Segment Start: DATASET EXCERPTS

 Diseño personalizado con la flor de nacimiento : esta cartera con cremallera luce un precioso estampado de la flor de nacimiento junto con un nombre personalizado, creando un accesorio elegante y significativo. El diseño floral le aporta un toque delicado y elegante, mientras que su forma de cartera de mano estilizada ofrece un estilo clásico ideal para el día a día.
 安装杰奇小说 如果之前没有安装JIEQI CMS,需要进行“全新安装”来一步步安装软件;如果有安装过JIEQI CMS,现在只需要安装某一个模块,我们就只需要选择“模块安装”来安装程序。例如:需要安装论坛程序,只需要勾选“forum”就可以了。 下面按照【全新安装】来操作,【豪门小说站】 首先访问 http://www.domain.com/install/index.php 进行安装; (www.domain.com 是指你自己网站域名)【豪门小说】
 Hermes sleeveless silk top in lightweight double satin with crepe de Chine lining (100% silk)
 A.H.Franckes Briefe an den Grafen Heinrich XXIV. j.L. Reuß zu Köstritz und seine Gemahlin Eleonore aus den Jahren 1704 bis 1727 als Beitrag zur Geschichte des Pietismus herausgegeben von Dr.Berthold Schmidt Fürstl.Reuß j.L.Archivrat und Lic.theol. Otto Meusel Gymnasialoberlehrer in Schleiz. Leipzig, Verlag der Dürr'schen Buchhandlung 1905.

Segment End: DATASET EXCERPTS
Segment Start: DATASET EXCERPTS

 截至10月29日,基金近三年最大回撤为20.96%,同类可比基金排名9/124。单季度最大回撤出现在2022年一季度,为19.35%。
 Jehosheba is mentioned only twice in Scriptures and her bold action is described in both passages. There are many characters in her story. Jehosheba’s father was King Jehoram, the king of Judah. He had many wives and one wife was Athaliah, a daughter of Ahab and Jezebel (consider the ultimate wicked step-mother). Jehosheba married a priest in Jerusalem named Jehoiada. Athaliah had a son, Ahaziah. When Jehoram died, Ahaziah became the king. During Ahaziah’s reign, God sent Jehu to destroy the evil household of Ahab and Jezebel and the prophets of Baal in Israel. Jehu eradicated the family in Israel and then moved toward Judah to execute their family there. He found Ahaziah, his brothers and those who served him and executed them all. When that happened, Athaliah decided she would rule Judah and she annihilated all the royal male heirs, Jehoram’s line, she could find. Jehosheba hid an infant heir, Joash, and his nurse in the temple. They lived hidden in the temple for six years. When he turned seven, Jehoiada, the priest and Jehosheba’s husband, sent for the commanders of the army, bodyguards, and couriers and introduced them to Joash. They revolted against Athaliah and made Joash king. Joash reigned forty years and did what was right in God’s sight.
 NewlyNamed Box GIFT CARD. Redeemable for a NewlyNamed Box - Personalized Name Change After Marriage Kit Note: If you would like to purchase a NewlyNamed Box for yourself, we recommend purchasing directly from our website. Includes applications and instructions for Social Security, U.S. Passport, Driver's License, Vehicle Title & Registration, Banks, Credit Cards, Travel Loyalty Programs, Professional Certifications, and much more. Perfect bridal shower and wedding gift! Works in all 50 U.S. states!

Segment End: DATASET EXCERPTS

*WHAT IS BEING ASKED*: Every line from the data above that contains "would" must appear in the answer.

*ANSWER BOX*:
 Jehosheba is mentioned only twice in Scriptures and her bold action is described in both passages. There are many characters in her story. Jehosheba’s father was King Jehoram, the king of Judah. He had many wives and one wife was Athaliah, a daughter of Ahab and Jezebel (consider the ultimate wicked step-mother). Jehosheba married a priest in Jerusalem named Jehoiada. Athaliah had a son, Ahaziah. When Jehoram died, Ahaziah became the king. During Ahaziah’s reign, God sent Jehu to destroy the evil household of Ahab and Jezebel and the prophets of Baal in Israel. Jehu eradicated the family in Israel and then moved toward Judah to execute their family there. He found Ahaziah, his brothers and those who served him and executed them all. When that happened, Athaliah decided she would rule Judah and she annihilated all the royal male heirs, Jehoram’s line, she could find. Jehosheba hid an infant heir, Joash, and his nurse in the temple. They lived hidden in the temple for six years. When he turned seven, Jehoiada, the priest and Jehosheba’s husband, sent for the commanders of the army, bodyguards, and couriers and introduced them to Joash. They revolted against Athaliah and made Joash king. Joash reigned forty years and did what was right in God’s sight.
 NewlyNamed Box GIFT CARD. Redeemable for a NewlyNamed Box - Personalized Name Change After Marriage Kit Note: If you would like to purchase a NewlyNamed Box for yourself, we recommend purchasing directly from our website. Includes applications and instructions for Social Security, U.S. Passport, Driver's License, Vehicle Title & Registration, Banks, Credit Cards, Travel Loyalty Programs, Professional Certifications, and much more. Perfect bridal shower and wedding gift! Works in all 50 U.S. states!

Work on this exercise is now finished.